Выбрать главу

Трое из этих туземцев прибыли в Руан в то самое время, когда там находился король Карл IX. Не подозревая того, как тяжело в будущем отзовется на их покое и счастье знакомство с нашей испорченностью, не ведая того, что общение с нами навлечет на них гибель, – а я предполагаю, что она уже и в самом деле очень близка, – эти несчастные, увлекшись жаждою новизны, покинули приветливое небо своей милой родины, чтобы посмотреть, что представляет собою наше. Король долго беседовал с ними; им показали, как мы живем, нашу пышность, прекрасный город (I. 31. 198).

Монтень – пессимист: Новый Свет, невинное дитя, пострадает (да и уже пострадал) от контакта со Старым. Об этом заходит речь в конце главы О каннибалах, после описания Бразилии как страны Золотого века, мифической Атлантиды. Индейцы – дикари, но не потому, что они жестоки, а по своей природе, тогда варвары – это мы. Они едят своих врагов не потому, что голодны, а потому, что следуют своему кодексу чести. Короче говоря, Монтень прощает индейцам всё, нам же – ничего.

После этого кому-то захотелось узнать, каково их мнение обо всем виденном и что сильнее всего поразило их; они назвали три вещи, из которых я забыл, что именно было третьим, и очень сожалею об этом; но две первые сохранились у меня в памяти. Они сказали, что прежде всего им показалось странным, как это столько больших, бородатых людей, сильных и вооруженных, которых они видели вокруг короля (весьма возможно, что они говорили о швейцарских гвардейцах), безропотно подчиняются мальчику и почему они сами не изберут кого-нибудь из своей среды, кто начальствовал бы над ними (I. 31. 198).

Теперь, в результате переворачивания – приема, который введут в широкий обиход Персидские письма Монтескьё, – наступает черед туземцев наблюдать за нами, дивиться нашим обычаям и подмечать их абсурдность. Первый из этих обычаев – «добровольное рабство», о котором писал друг Монтеня Этьен де Ла Боэси. Почему столько сильных людей подчиняются какому-то ребенку? Чем объясняется их загадочное послушание? Согласно Ла Боэси, стоит людям прекратить подчиняться, и государь падет. Много позднее ненасильственное сопротивление и гражданское неповиновение будет проповедовать Ганди. Индейцы до такого не доходят, но божественное право Старого Света кажется им необъяснимым.

Во-вторых, ‹…› они заметили, что между нами есть люди, обладающие в изобилии всем тем, чего только можно пожелать, в то время как их «половинки», истощенные голодом и нуждой, выпрашивают милостыню у их дверей; и они находили странным, как это столь нуждающиеся «половинки» могут терпеть такую несправедливость, – почему они не хватают тех других за горло и не поджигают их дома (I. 31. 198).

Возмущает индейцев и неравенство между богатыми и бедными. Монтень представляет их если не коммунистами, то, по крайней мере, поборниками справедливости и равенства.
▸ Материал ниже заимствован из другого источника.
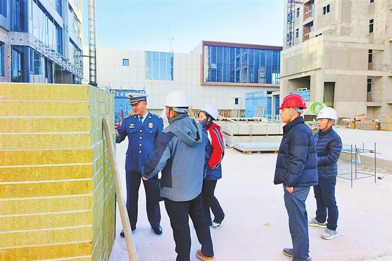 检查组对建筑外墙保温材料开展专项检查。(本文图片由省消防救援总队提供)
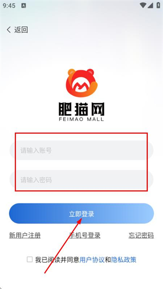 3、在登錄頁(yè)面填寫(xiě)賬號(hào)和密碼,勾選協(xié)議后,點(diǎn)擊登錄完成賬號(hào)登錄操作。

Любопытно, что третий предмет изумления туземцев Монтень позабыл. Что бы это могло быть за чудо – после чудес из области политики и экономики? Мы никогда этого не узнаем, но у меня есть одна догадка, и позднее я о ней скажу.

5

Падение с лошади

Это одна из самых волнующих страниц Опытов – ведь Монтень редко вдается в такие подробности по поводу частных моментов своей жизни. Речь идет о том, как однажды он упал с лошади и потерял сознание.

Во время нашей второй или третьей гражданской войны (не могу в точности припомнить, какой именно) я вздумал однажды покататься на расстоянии одного лье от моего замка, расположенного в самом центре происходивших смут. Находясь поблизости от своего дома, я считал себя настолько в безопасности, что не взял с собой ничего, кроме удобного, но не очень выносливого коня. При возвращении случилось неожиданное происшествие, заставившее меня воспользоваться моим конем для дела, к которому он был непривычен. Один из моих людей, человек рослый и сильный, ехавший верхом на коренастом и тугоуздом жеребце, желая выказать отвагу и опередить своих спутников, пустил его во весь опор прямо по той дороге, по которой ехал я, и со всего размаха лавиной налетел на меня и мою лошадь, опрокинув нас своим напором и тяжестью. Оба мы полетели вверх ногами, моя лошадь свалилась и лежала совершенно оглушенная, я же оказался поодаль, в десятке шагов, бездыханный, распростертый навзничь; лицо мое было в сплошных ранах, моя шпага отлетела еще на десяток шагов, пояс разорвался в клочья, я лежал колодой, без движения, без чувств (II. 6. 326–327).